However, the pruning of ANNs is a computationally expensive task that often limits its application to real-life problems where datasets may contain a large number of samples and data features. Therefore, speeding up the pruning process is essential for many practical applications. Although pruning algorithms of the OBS types are not entirely parallelizable, certain computationally intensive parts are, which lead to a significant speedup on multicore processors. For the reasons mentioned above, this study aims to develop a user-friendly tool with several implemented parallelized ANN pruning algorithms able to cope with complex or medium size data. For this, we developed DANNP tool, which implements several parallelized variants of ANN pruning algorithms. We demonstrated the efficiency and utility of the implemented algorithms in the DANNP tool on several small to medium size benchmark datasets. Moreover, as a useful by-product of the ANN pruning, the pruning process selects the most useful data features for the problem in hand. The application of the FS methods to find a subset of features to train a classification model is often used to derive simpler and faster models. Although in many cases the reduced number of features may result in improved performance, the feature subset is not always capable of describing the data accurately and may frequently result in models with inferior performance. In this study, we demonstrate that the selected features result in similar or improved classification performance in comparison with several state-of-the-art FS methods on the considered datasets.

Materials and Methods

In this section, we first define the Hessian-based pruning algorithm and the implemented modifications for the parallelization of the code, followed by the details on the FS methods. Finally, we describe the datasets and model evaluation procedure to assess the performance of the DANNP tool.

Hessian-based pruning formulation and DANNP parallelization

The OBS uses the second-order information of the error function and measures the saliency of the ANN weights. The algorithm evaluates the saliency by the effect on the error function when the ANN weight vector w is perturbed. Therefore, the algorithm aims to determine the weights that cause the least increase of the error function E. The error function may be approximated by a Taylor series as follows (Hassibi, Stork & Wolff, 1993):

$E (w) ≅ E (w + Δ w) = E (w) + E^{'} (w) Δ w + \frac{1}{2} E^{″} (w) Δ w^{2} + \dots$ $Δ E = E (w + Δ w) - E (w) = E^{'} (w) Δ w + \frac{1}{2} E^{″} (w) Δ w^{2} + \dots$ (1) $Δ E = E^{'} (w) Δ w + \frac{1}{2} Δ w^{T} H Δ w + \dots$

where E′(w) is the first-order derivative of E with respect to w (the gradients vector); H is the H matrix determined as H = ∂²E∕∂w², i.e., as the second-order derivative of E with respect to w. The approximation of the H-inverse is obtained via an iterative procedure as follows (Hassibi, Stork & Wolff, 1993): (2) ${(H^{m + 1})}^{- 1} = {(H^{m})}^{- 1} - \frac{{(H^{m})}^{- 1} \cdot g_{Δ w}^{m + 1} \cdot g_{Δ w}^{{[m + 1]}^{T}} \cdot {(H^{m})}^{- 1}}{p + g_{Δ w}^{{[m + 1]}^{T}} \cdot {(H^{m})}^{- 1} \cdot g_{Δ w}^{[m + 1]}}$

where ${(H^{0})}^{- 1} = α^{- 1} I$ , I is the identity matrix and α is a small scalar; $g_{Δ w}^{m + 1}$ is the gradient vector from the backpropagation calculations in iteration m + 1, where m denotes the number of iterations; p is a scalar that represents the number of training samples. The H matrix is of size v², where v is the total number of weights in the network.

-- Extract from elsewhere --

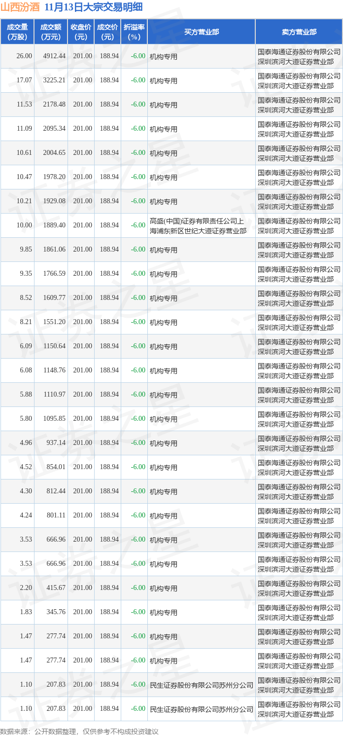 证券之星消息,11月13日山西汾酒发生大宗交易,交易数据如下:

The code optimization and parallelization of the pruning methods implemented in the DANNP tool are achieved by (1) implementation of a faster version of the algorithm for the approximation of the H-inverse, and (2) reducing the number of evaluations of the H-inverse approximation. To address the faster algorithm for approximation of the H-inverse, we modified the implementation of the calculation of the H-inverse using, where applicable, optimized BLAS routines (Blackford et al., 2002) and modified the code to reduce the overhead by computing repeated terms only once. However, since the approximation of the H-inverse is based on an iterative process (Eq. (2)), this inherent limitation hinders full parallel scaling. Algorithm 1 describes the implementation of the parallel version of Eq. (2) based on the BLAS routines. To address the reduction of the number of evaluations of the H-inverse approximation, we implemented multiple-weights OBS (MWOBS-parallel), which removes multiple weights in each pruning iteration while using the optimization described in Algorithm 1. In contrast to OBS where the H-inverse has to be computed for removing a single weight, in MWOBS-parallel this computation is performed only once for removing n weights, where the number of n weights is set to 1% of the weights in the initial ANN. This approach significantly reduces the running time and frequently achieves comparable or better performance relative to the serial OBS or the fully connected ANNs.

ANN model

The ANN models were derived by using a modified version of the Fast Compressed Neural Network software (Klima, 2015). This software is a modular and fast C++ implementation of ANN algorithms. We modified the software to use optimized BLAS to replace the serial approximation of the H-inverse update routines (using Eq. (2)).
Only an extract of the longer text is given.